Your example is accepted. I took time to understand what I told earlier and found it impossible. Then, I realized that the problem you mentioned would only arise if the rule is implemented tomorrow. Means, without any survey, without evaluating the constraints. It would be like u get up in the morning and found that a new rule is implemented.

No, I'm not talking about that way. The problem statement of u requires some lengthy reply.

Here I begin:-

To implement that rule U first need to prepare a format for education.
1> Present avg. students in a school.
2> Ideal Student to teacher ratio.
3> As being a mandatory till XII, u need to reformat the syllabus to put things that are unavoidable in that duration.

Then
1> I propose a survey of present no. schools in a state. Divide them with district wise.
2> Get a no. eligible kids in that area.
3> Tally the student to school ratio.
4> Point out places with more school and less school and sort out schools having more attention than others.
5> Where there are less schools (1-2 schools per 3 villages), take opinion from local people if they would send their kids to most near-by school if its available. (This is required as some people would go by reputation rather communication problems). If 60% positive reply. Chalk out a plan for making a school having class I to X.
6> Schools where more students are admitted. Increase sections, i.e. if class V is now having 3 sections (V-A, V-B, and V-C of capacity 40 each) make two or three more (depending upon demand, again talk to school teachers). Improve infrastructure of that school to accommodate such huge no. of pupil. (ur question would be teachers? What about, now huge demand in "Para-Teachers", a few basic trg. schools are closed. Re-open them, train more, create more. MORE JOB opportunity)
7> For class XI to XII increase sections in existing schools or on demand it can be done in new schools too (mentioned in point 5)

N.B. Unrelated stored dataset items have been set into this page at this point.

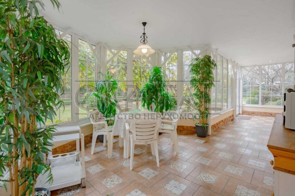 Веранда/ оранжерея з обідньою зоною та видом у внутрішній двір;
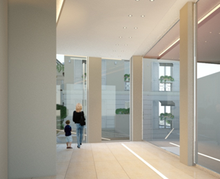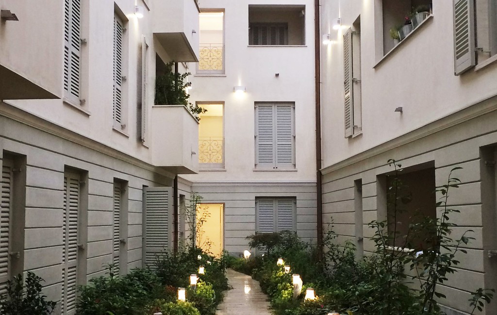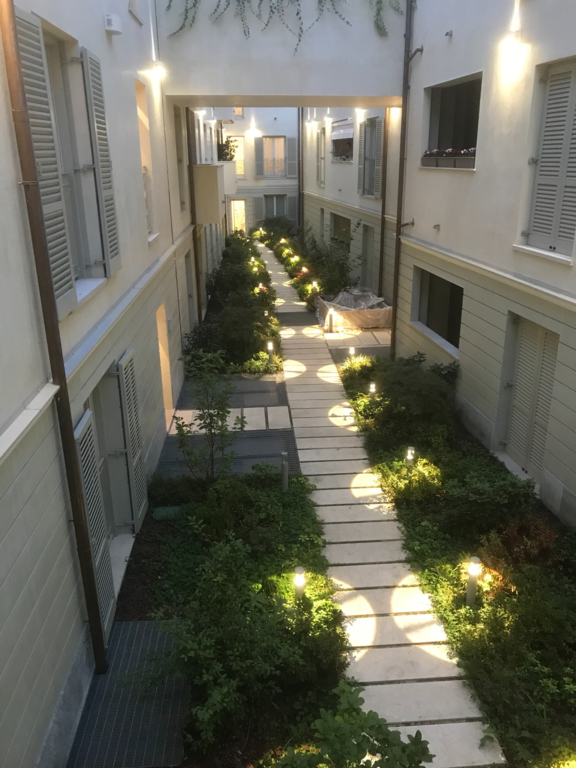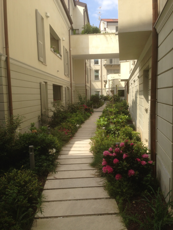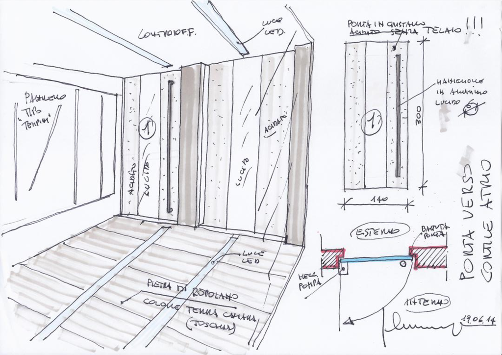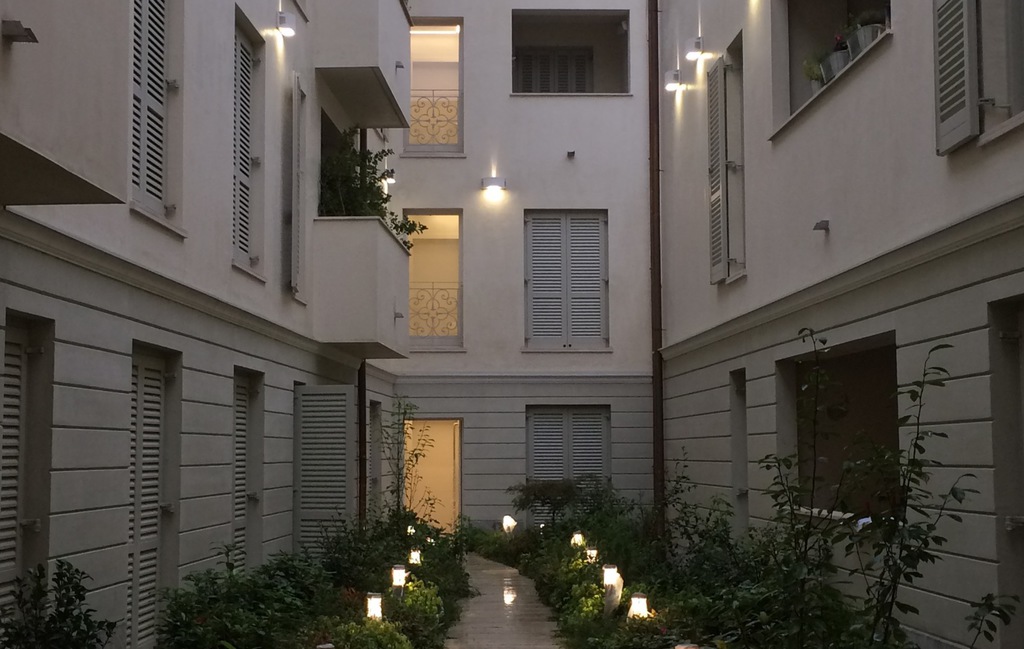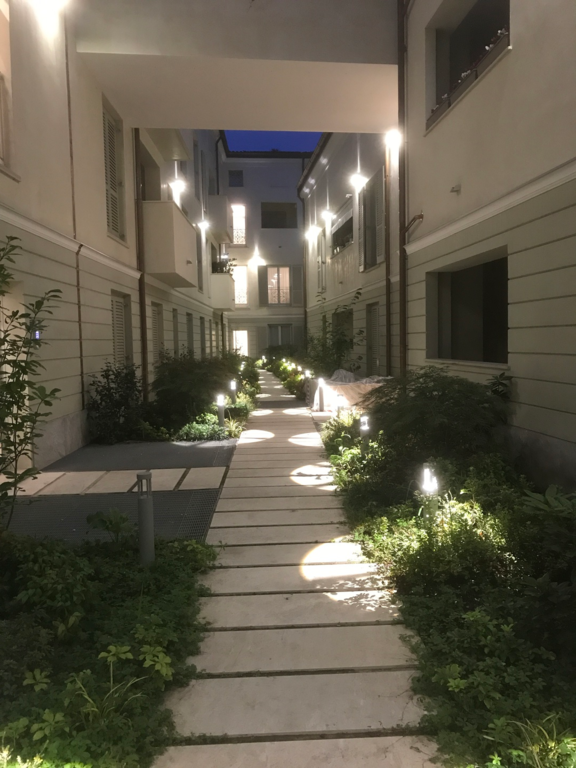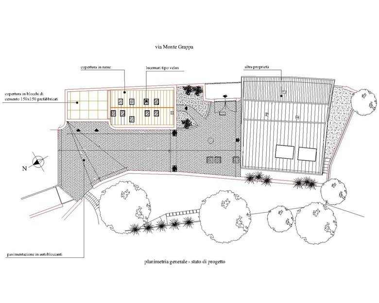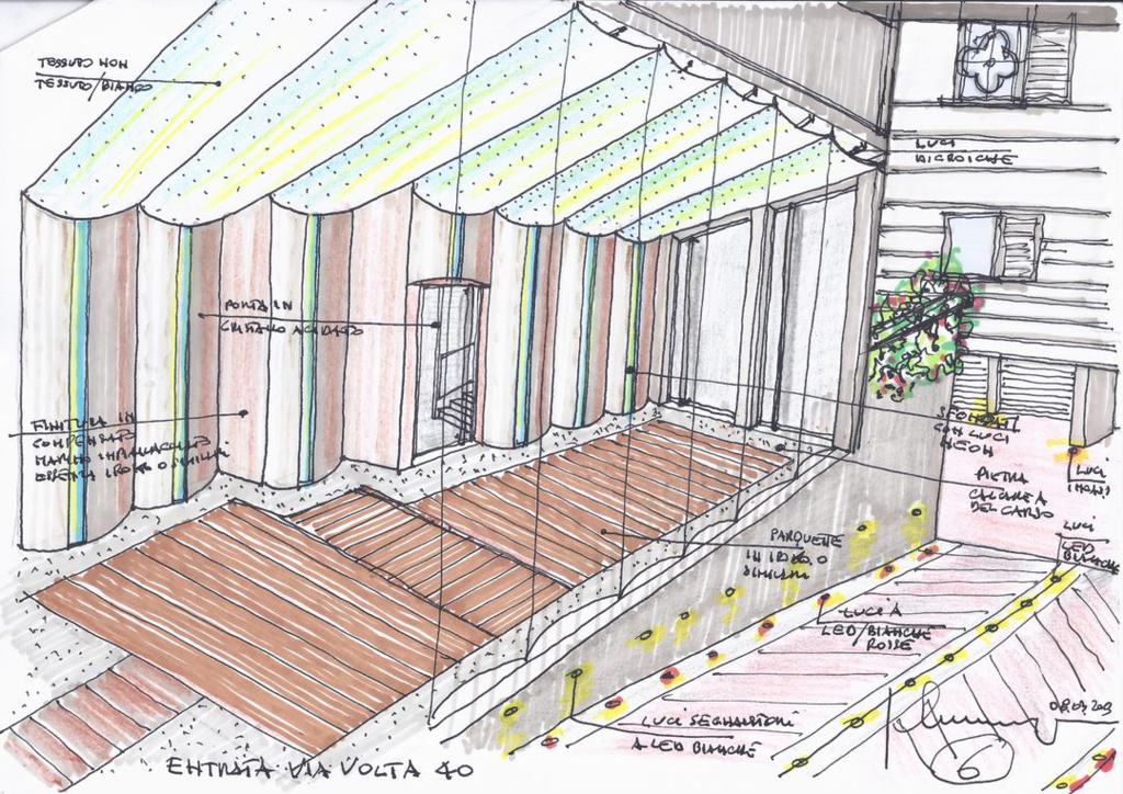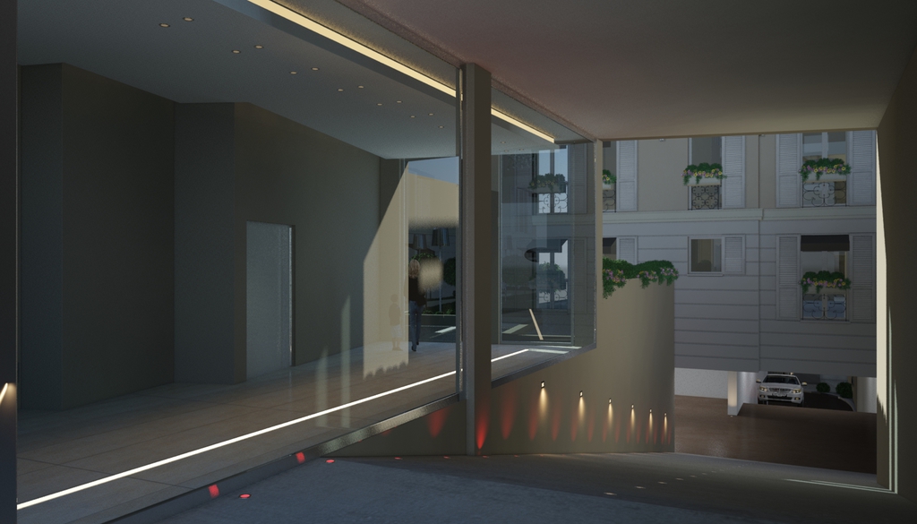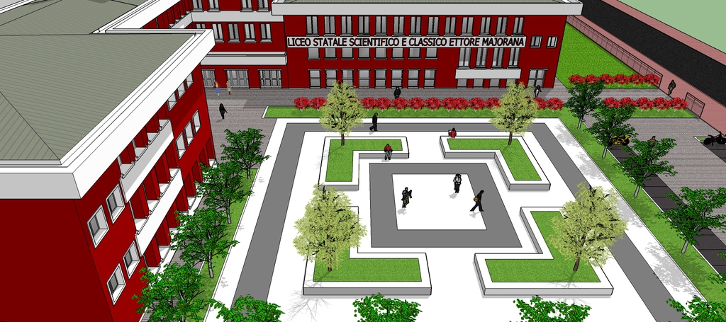 Lo spazio è definito attraverso la successione degli elementi d’arredo del cortile, intesi come definizione gerarchica delle esigenze funzionali in un unico spazio. La forma quadrata del cortile, segue regole e logiche dettate dalla funzionalità degli spazi in pianta e in alzato. La percezione dello spazio cambia dunque sulla base di un impianto semplice e chiaro. Ad esempio, l’ingresso principale scorre su una corsia posta lungo la parete esistente e ridefinisce il percorso verso l’effettivo ingresso all’edificio. Uno spirito minimale e razionale anima tutto il progetto e così il percorso funzionale che delinea la direzione...
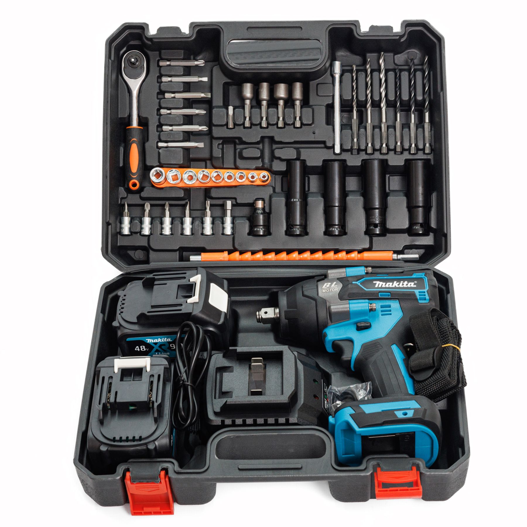 Безщітковий двигун забезпечує довгий термін експлуатації, мінімальне нагрівання й економну витрату енергії, а потужний акумулятор 48V 9Ah дає змогу працювати тривалий час без заряджання. Навіть під час інтенсивних навантажень інструмент зберігає стабільну продуктивність, що робить його незамінним помічником на будівельних майданчиках, в автомайстернях і в побутовому ремонті. У комплекті передбачені свердла, біти, головки та гнучкий вал, що розширюють можливості гайковерта та дають змогу використовувати його для безлічі завдань.
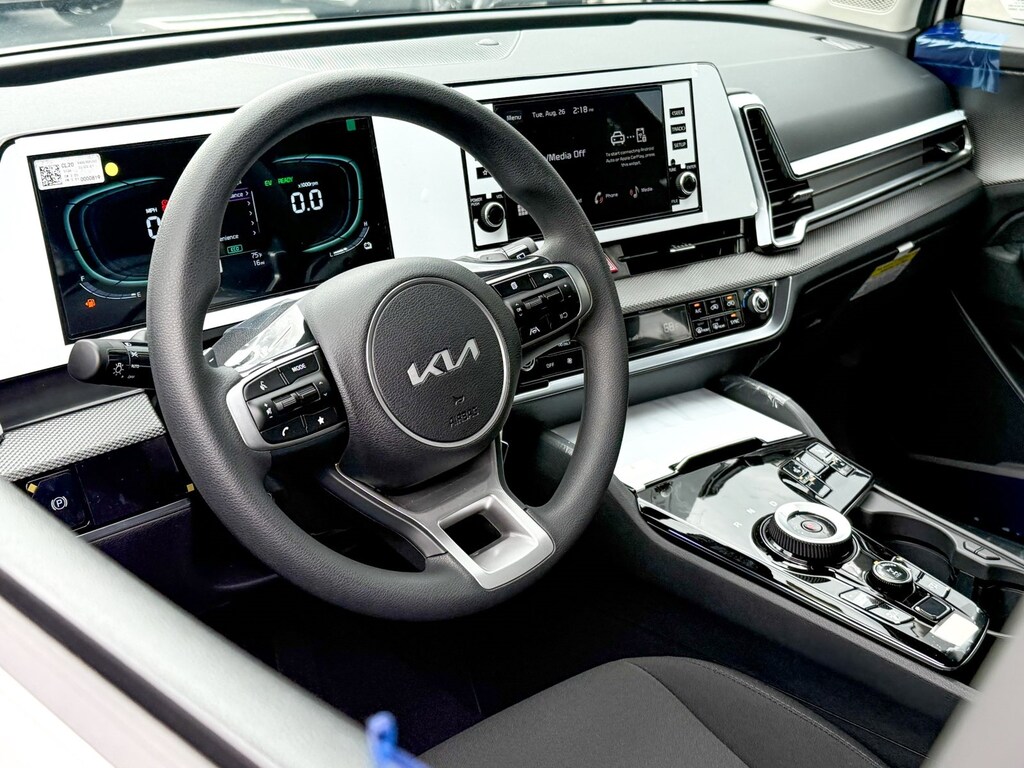 Snow White Pearl 2025 Kia Sportage Hybrid LX AWD 6-Speed Automatic I4 4-Wheel Disc Brakes, 6 Speakers, ABS brakes, Air Conditioning, Alloy wheels, AM/FM radio, Auto High-beam Headlights, Automatic temperature control, Brake assist, Bumpers: body-color, Cargo Mat, Carpet Floor Mats, Cloth Seat Trim, Delay-off headlights, Driver door bin, Driver vanity mirror, Dual front impact airbags, Dual front side impact airbags, Electronic Stability Control, Four wheel independent suspension, Front anti-roll bar, Front Bucket Seats, Front Center Armrest, Front dual zone A/C, Fully automatic headlights, Heated door mirrors, Heated Front Bucket Seats, Heated front seats, Illuminated entry, Low tire pressure warning, Occupant sensing airbag, Outside temperature display, Overhead airbag, Overhead console, Panic alarm, Passenger door bin, Passenger vanity mirror, Power door mirrors, Power steering, Power windows, Radio: AM/FM/HD Audio System, Rain sensing wipers, Rear anti-roll bar, Rear seat center armrest, Rear side impact airbag, Rear window defroster, Rear window wiper, Remote keyless entry, Security system, Speed control, Speed-sensing steering, Split folding rear seat, Spoiler, Steering wheel mounted audio controls, Tachometer, Telescoping steering wheel, Tilt steering wheel, Traction control, Trip computer, Variably intermittent wipers, Wheels: 17 x 7J Aero Alloy.

Being a district wise activity it would be easier to track.



How did u like my plan?? 



Another thing I want to tell u that, in many threads u told u don't care what HCs think or cry about facilities given to SCs, LCs. You are not gonna pay any heed to them. They should suffer for what they had done earlier. This mindset is very dangerous.
It would create another problem. Suppose in near future getting so much pampered the SCs etc. switch role with HCs, i.e. now they are in power, they take decisions etc. and starts the same behavior to the HCs. Then an Ambedkar would again be wanted to ask equal right for the neglected ones. Its like revisiting the history with only diff. characters.
I can only compare the situation with the quarrel of a couple. It happens that for some reason the gal is very angry to her boyfriend. She is not even talking, listening to his prayers etc. Now the boy is trying very hard to clam her down. He does this so long that after a time he gets frustrated and becomes angry to his GF. Now the gal realizes her fault that for such a petty matter they were fighting and she had done wrong by ignoring him for such long time. Now its her turn to pacify her BF. She does everything to pacify him but now the BF reciprocates the same behavior to her. At last the gal gets angry again its now the boy's turn to pacify her.
R u getting me? its like switching roles only, but the main problem remains.


----------



## karnivore (Jul 20, 2009)

rhitwick said:


> Your example is accepted. I took time to understand what I told earlier and found it impossible. Then, I realized that the problem you mentioned would only arise if the rule is implemented tomorrow. Means, without any survey, without evaluating the constraints. It would be like u get up in the morning and found that a new rule is implemented.


Thanks for reading the message in the bottle and not unnecessarily arguing if the bottle should be green or yellow.



> No, I'm not talking about that way. The problem statement of u requires some lengthy reply.
> 
> Here I begin:-
> 
> ...


    Your suggestion is essentially, that of capacity expansion. I have no bones to pick with the idea of capacity expansion. Regardless of whether it can put an end to the reservation system, we desperately need to increase our educational infrastructure. There isn’t nearly enough to meet the demands of ever increasing population. There can’t be any second thought on this. Additionally, we need to increase the quality of education at primary level, as well. 

  But the thing is, we are not debating how to remove reservation, eventually, in the long run. We are debating, if we need reservation right at this point of time. Capacity increase is not going to happen overnight, or in one or two years or even a decade or two. Given the massive investment required, given the constraints in resource allocation, given the red tape, given the corruption, it is a long drawn process.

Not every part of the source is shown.